_PROBLEM TO WORK ON_:
Go to the line below that has "Цельнозерновые полбяные крекеры", print it and each line after it exactly, and stop after the line that has "Sprchový žľab PROFESSIONAL"; leave out pictures.

_DATA UNDER STUDY_:
....

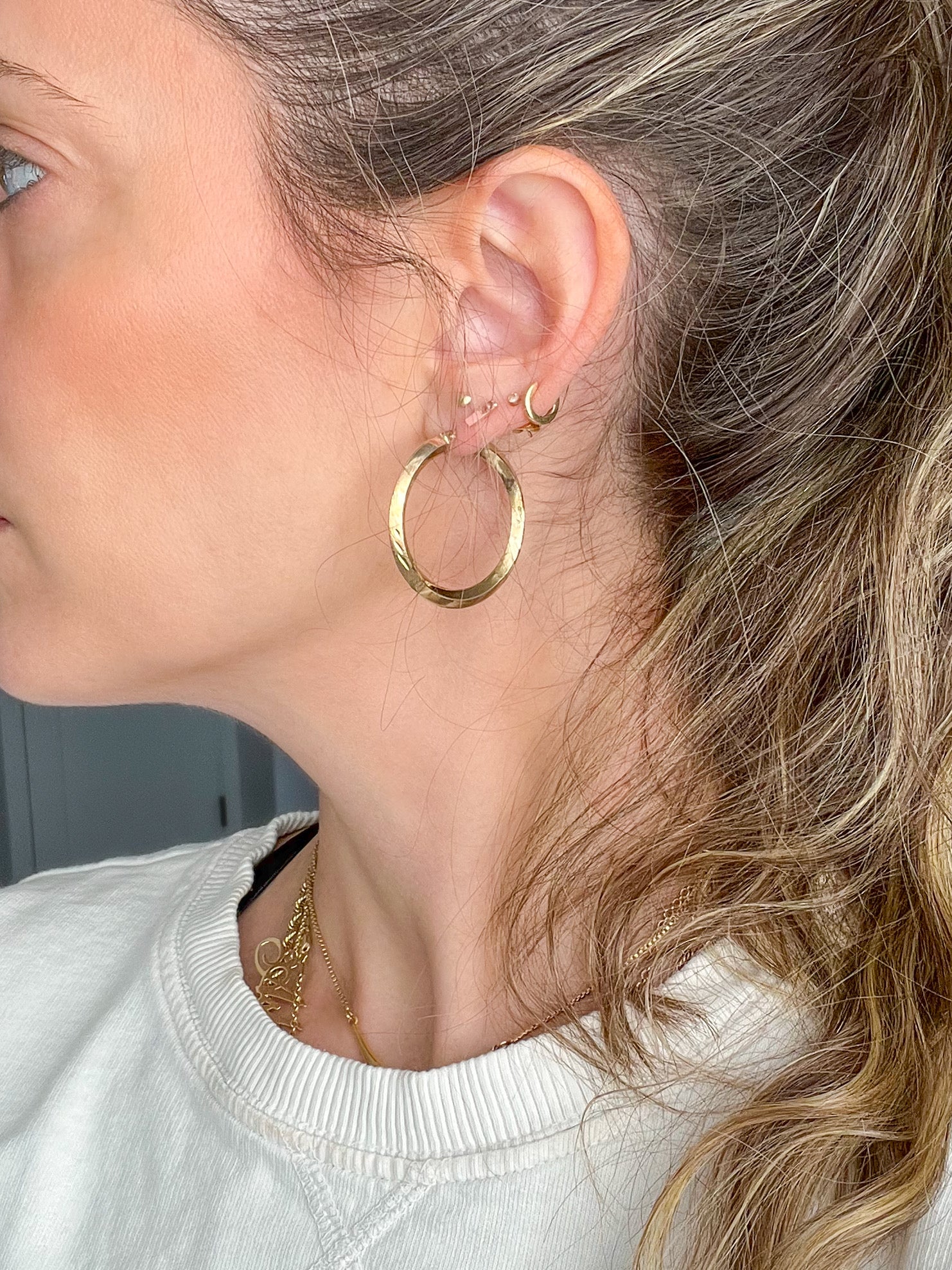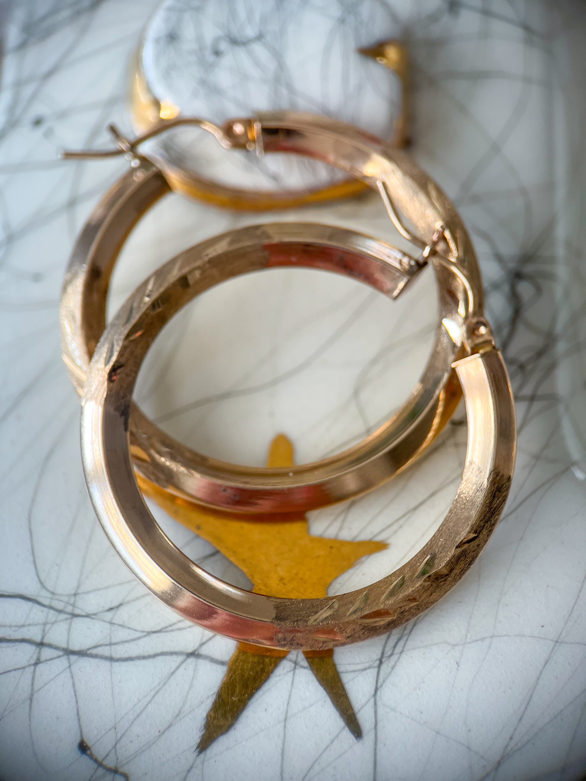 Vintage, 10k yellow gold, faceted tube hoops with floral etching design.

....

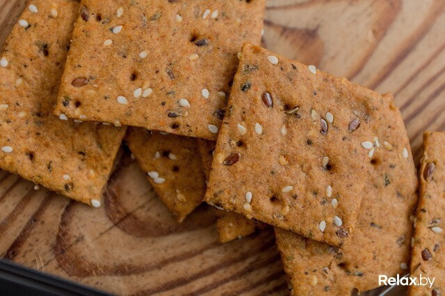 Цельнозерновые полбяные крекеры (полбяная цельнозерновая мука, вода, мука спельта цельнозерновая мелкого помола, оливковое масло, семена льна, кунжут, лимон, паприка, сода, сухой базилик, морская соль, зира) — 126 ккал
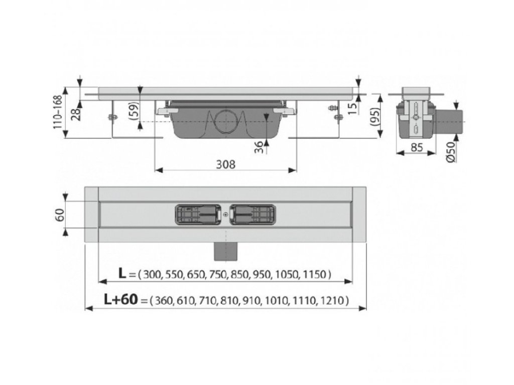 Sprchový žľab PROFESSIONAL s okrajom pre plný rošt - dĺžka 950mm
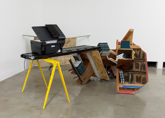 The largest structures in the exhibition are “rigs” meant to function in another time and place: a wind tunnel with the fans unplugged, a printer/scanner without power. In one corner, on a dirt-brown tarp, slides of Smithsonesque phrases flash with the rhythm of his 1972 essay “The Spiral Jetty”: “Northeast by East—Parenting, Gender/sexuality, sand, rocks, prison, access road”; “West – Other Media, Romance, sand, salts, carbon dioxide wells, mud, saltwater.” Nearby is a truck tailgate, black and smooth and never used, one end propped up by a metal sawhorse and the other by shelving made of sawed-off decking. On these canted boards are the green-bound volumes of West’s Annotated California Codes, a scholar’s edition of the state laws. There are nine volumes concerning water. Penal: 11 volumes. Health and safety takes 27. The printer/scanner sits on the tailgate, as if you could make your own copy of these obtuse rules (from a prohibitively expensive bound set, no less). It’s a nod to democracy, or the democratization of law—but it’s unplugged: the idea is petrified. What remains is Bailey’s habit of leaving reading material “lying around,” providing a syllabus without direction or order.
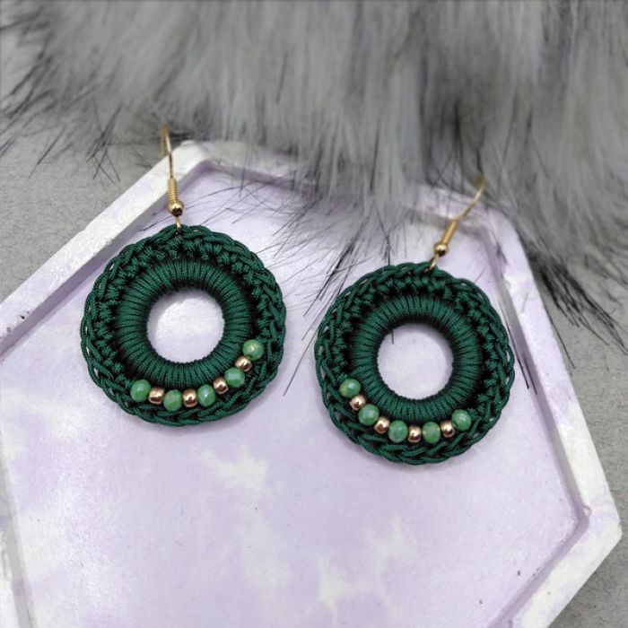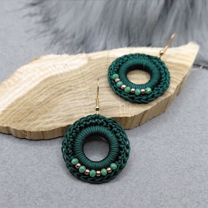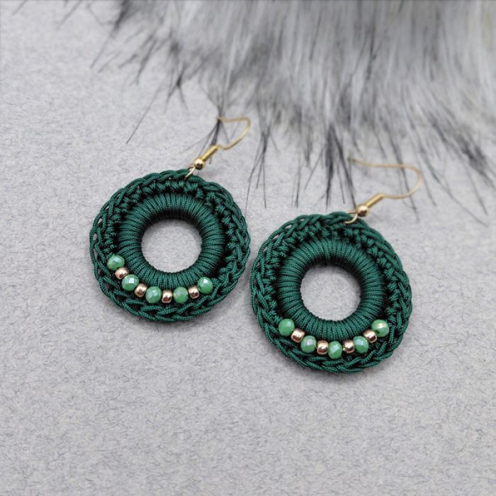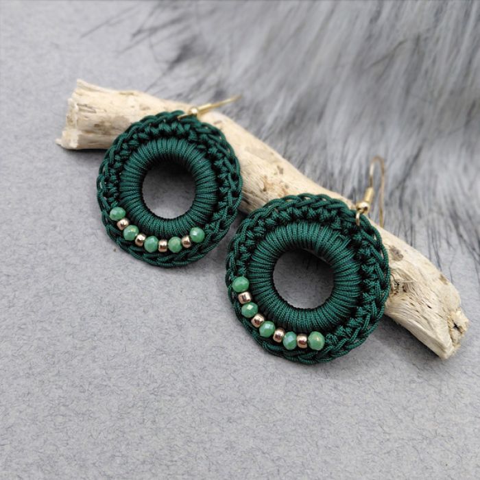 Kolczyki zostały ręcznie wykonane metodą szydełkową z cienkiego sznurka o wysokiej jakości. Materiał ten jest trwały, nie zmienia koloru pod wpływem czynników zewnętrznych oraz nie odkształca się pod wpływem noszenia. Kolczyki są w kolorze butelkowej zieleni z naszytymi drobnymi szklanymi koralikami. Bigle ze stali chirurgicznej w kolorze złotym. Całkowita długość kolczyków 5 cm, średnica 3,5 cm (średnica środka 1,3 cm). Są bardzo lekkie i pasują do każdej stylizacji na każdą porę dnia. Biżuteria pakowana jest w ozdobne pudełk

....

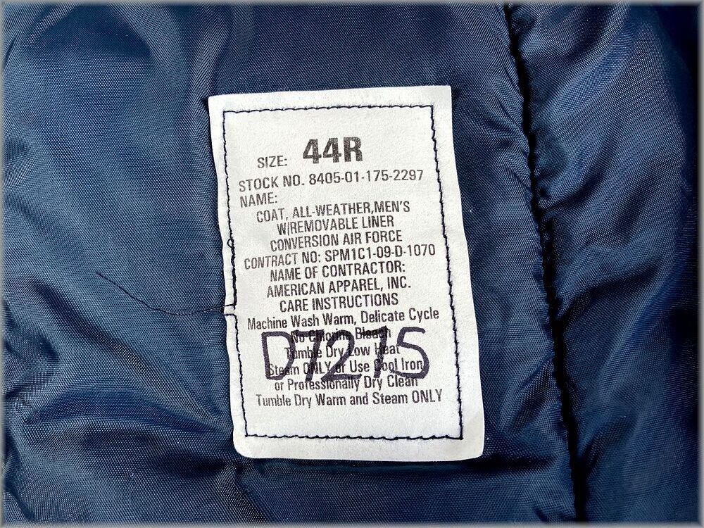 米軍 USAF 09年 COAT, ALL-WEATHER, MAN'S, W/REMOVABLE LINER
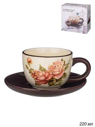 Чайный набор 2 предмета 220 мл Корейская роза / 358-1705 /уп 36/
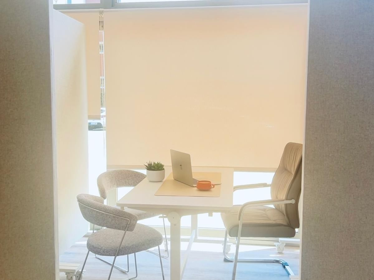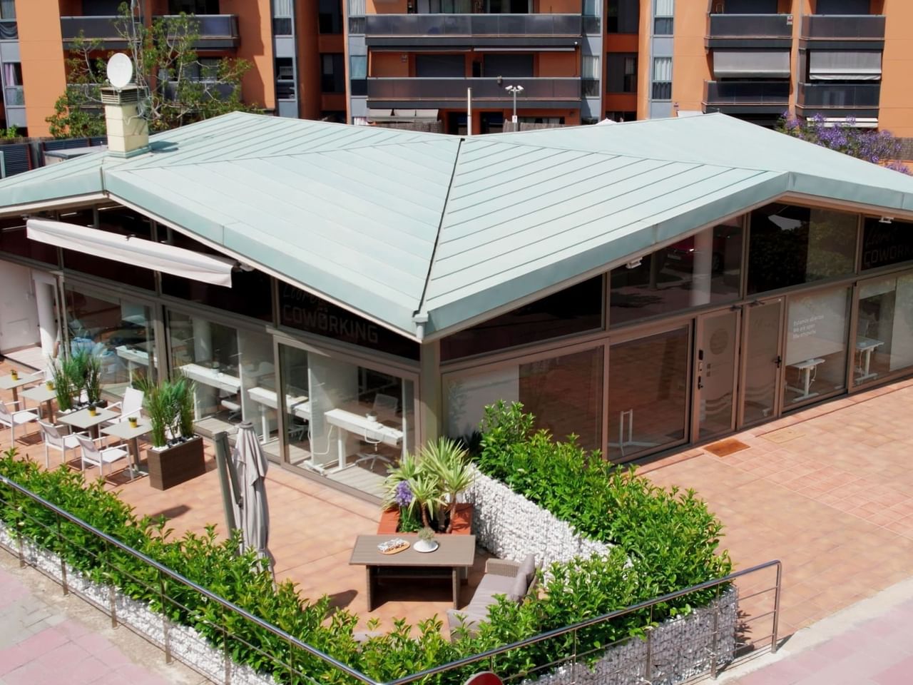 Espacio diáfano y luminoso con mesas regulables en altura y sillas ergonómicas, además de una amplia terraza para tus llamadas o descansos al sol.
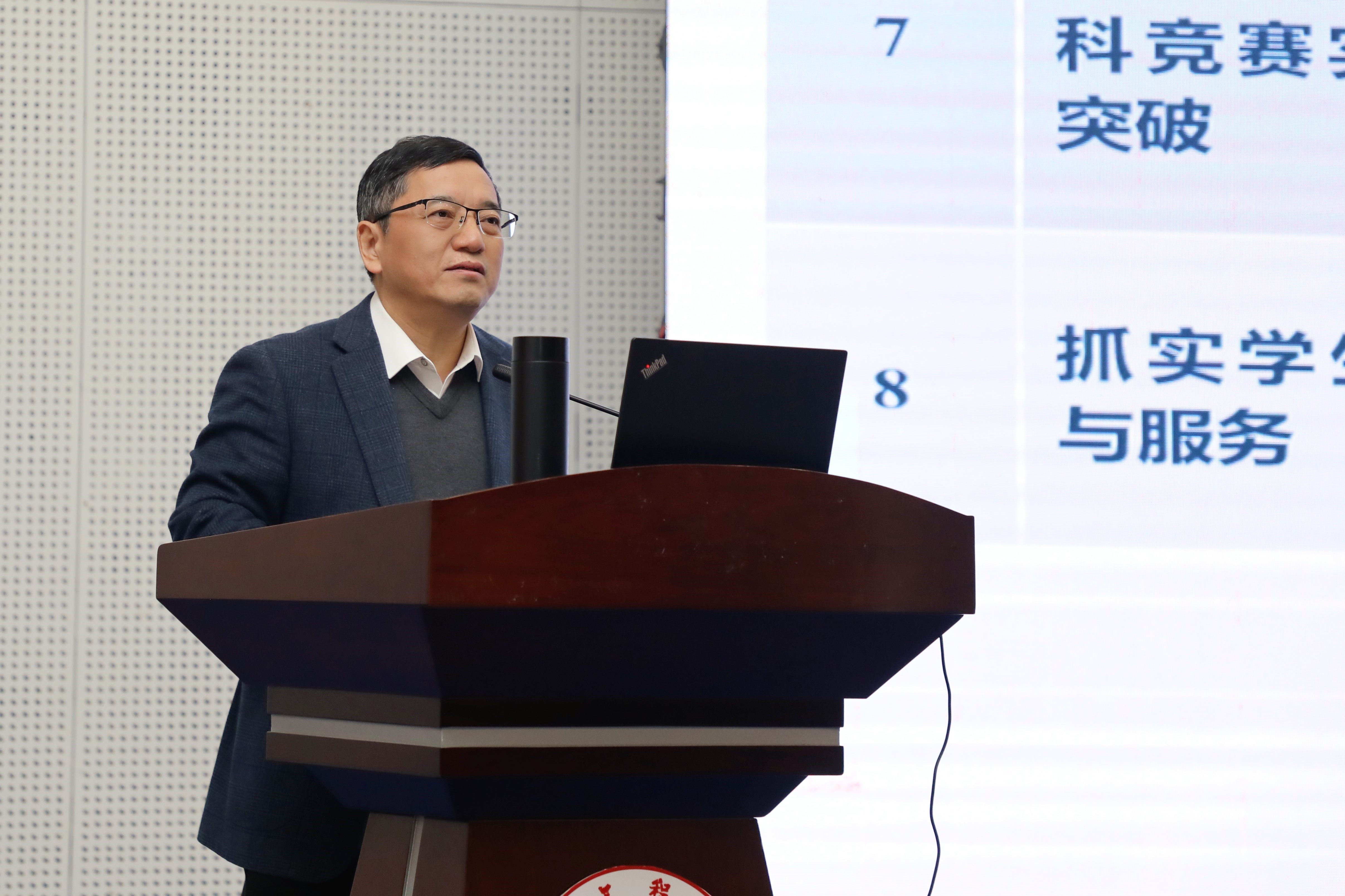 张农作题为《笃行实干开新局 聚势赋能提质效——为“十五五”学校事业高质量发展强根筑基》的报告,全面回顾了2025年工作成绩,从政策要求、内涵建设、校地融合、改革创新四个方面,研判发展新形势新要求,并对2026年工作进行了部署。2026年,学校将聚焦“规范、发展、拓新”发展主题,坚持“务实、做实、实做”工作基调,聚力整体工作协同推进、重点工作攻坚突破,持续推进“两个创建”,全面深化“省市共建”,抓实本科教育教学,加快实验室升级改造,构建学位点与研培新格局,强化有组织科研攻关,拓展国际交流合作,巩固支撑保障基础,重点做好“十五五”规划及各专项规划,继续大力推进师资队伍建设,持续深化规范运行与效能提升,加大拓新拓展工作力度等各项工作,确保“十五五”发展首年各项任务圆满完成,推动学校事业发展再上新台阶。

....

_COMPLETED TASK_:
 Цельнозерновые полбяные крекеры (полбяная цельнозерновая мука, вода, мука спельта цельнозерновая мелкого помола, оливковое масло, семена льна, кунжут, лимон, паприка, сода, сухой базилик, морская соль, зира) — 126 ккал
 Sprchový žľab PROFESSIONAL s okrajom pre plný rošt - dĺžka 950mm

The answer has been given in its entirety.